CryoProtect: a web server for classifying antifreeze proteins from non-antifreeze proteins

Abstract

Antifreeze protein (AFP) is an ice-binding protein that protects organisms from freezing in extremely cold environments. AFPs are found across a diverse range of species and, therefore, significantly differ in their structures. As there are no consensus sequences available for determining the ice-binding domain of AFPs, thus the prediction and characterization of AFPs from their sequence is a challenging task. This study addresses this issue by predicting AFPs directly from sequence on a large set of 478 AFPs and 9,139 non-AFPs using machine learning (e.g., random forest) as a function of interpretable features (e.g., amino acid composition, dipeptide composition, and physicochemical properties). Furthermore, AFPs were characterized using propensity scores and important physicochemical properties via statistical and principal component analysis. The predictive model afforded high performance with an accuracy of 88.28% and results revealed that AFPs are likely to be composed of hydrophobic amino acids as well as amino acids with hydroxyl and sulfhydryl side chains.

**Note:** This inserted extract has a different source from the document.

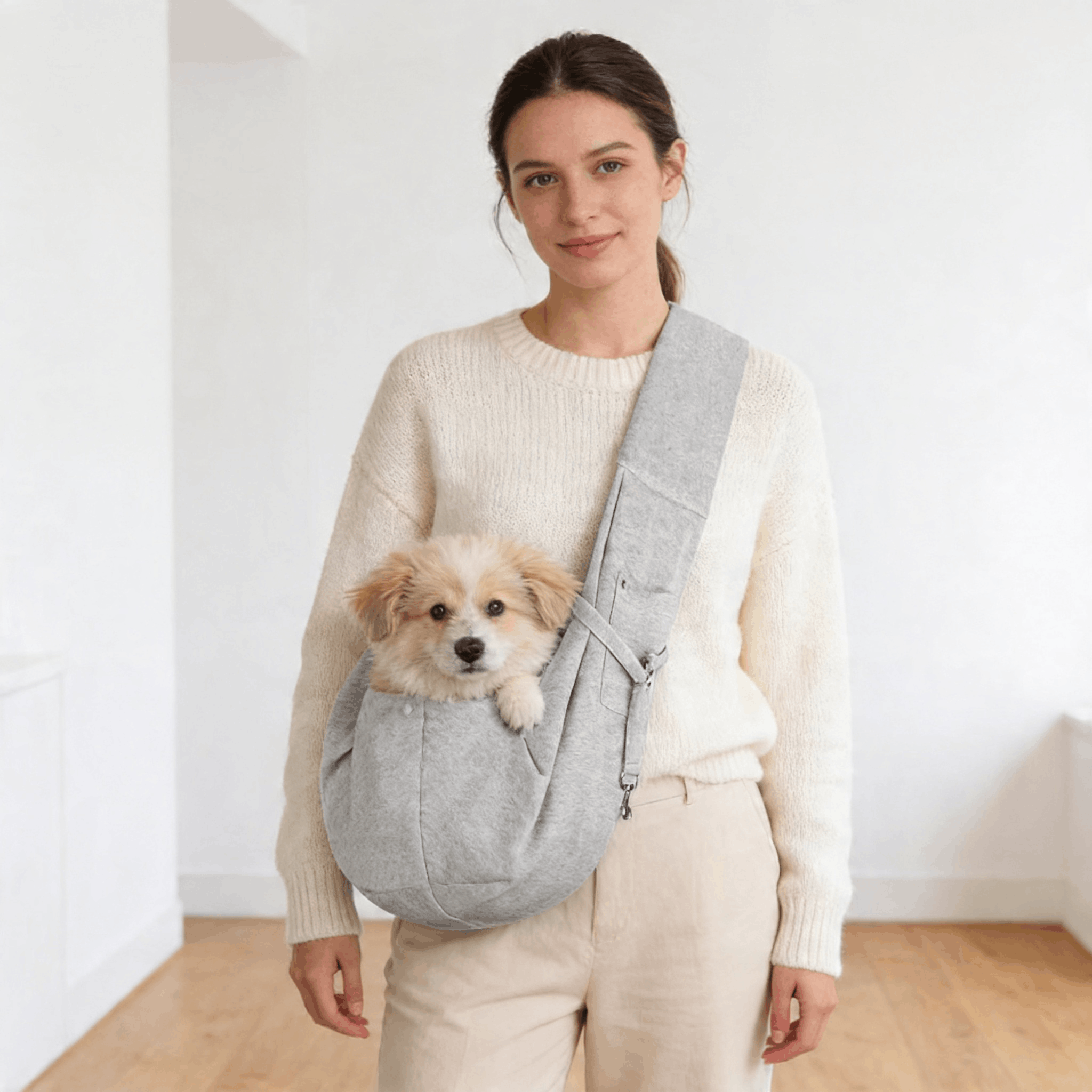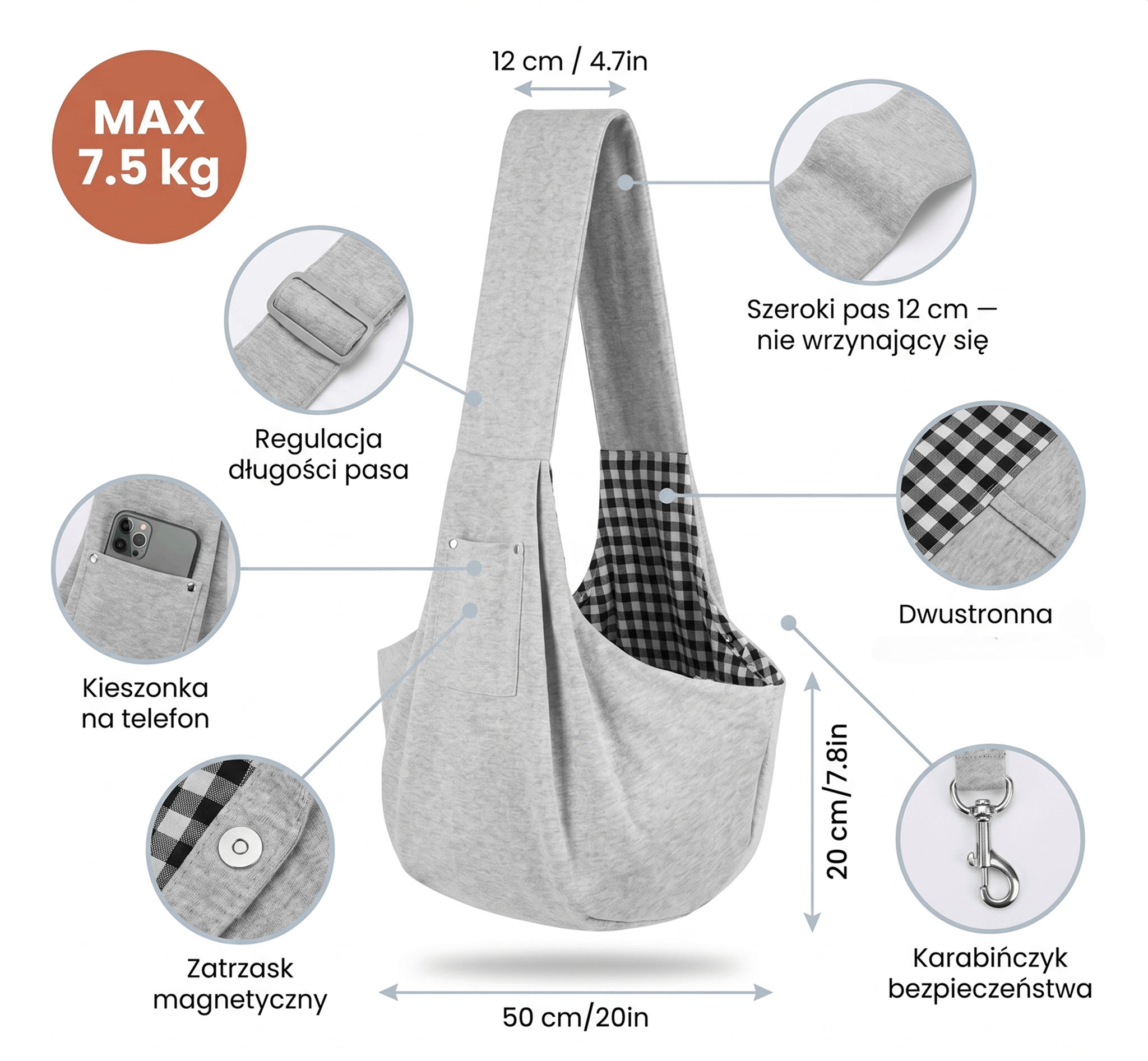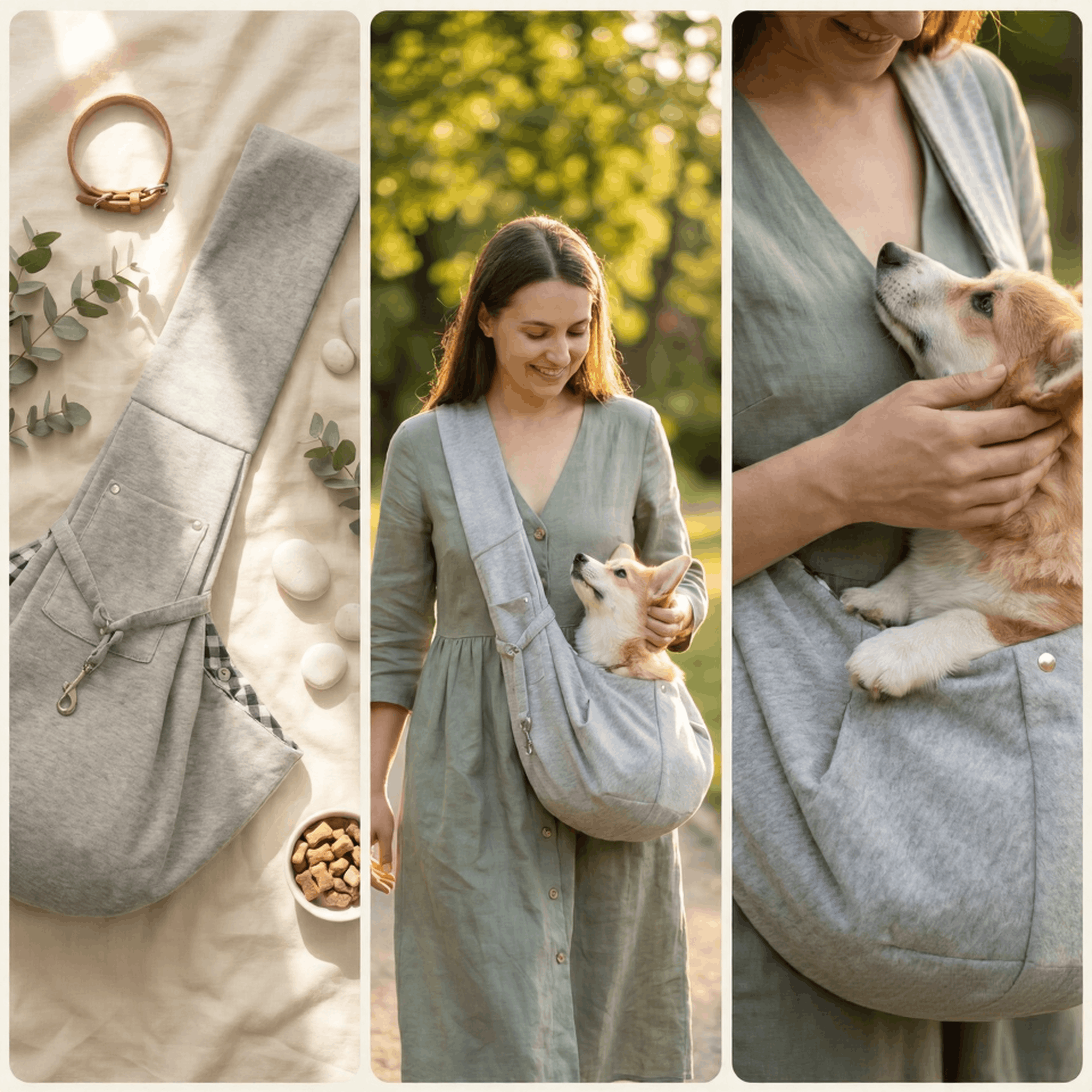 Kieszonka na telefon, klucze i smakołyki. Pas przez ramię, pies przy sercu. Możesz trzymać kawę, robić zakupy, pisać wiadomości. Pies jedzie — Ty żyjesz normalnie.

The predictive model is provided as a free publicly available web server called CryoProtect for classifying query protein sequence as being either AFP or non-AFP. The data set and source code are for reproducing the results which are provided on GitHub.

Publication
Journal of Chemistry
Date
Citation
Pratiwi R, Malik AA, Schaduangrat N, Prachayasittikul V, Wikberg JES, Nantasenamat C, Shoombuatong W. CryoProtect: a web server for classifying antifreeze proteins from non-antifreeze proteins. Journal of Chemistry 2017 (2017) 9861752.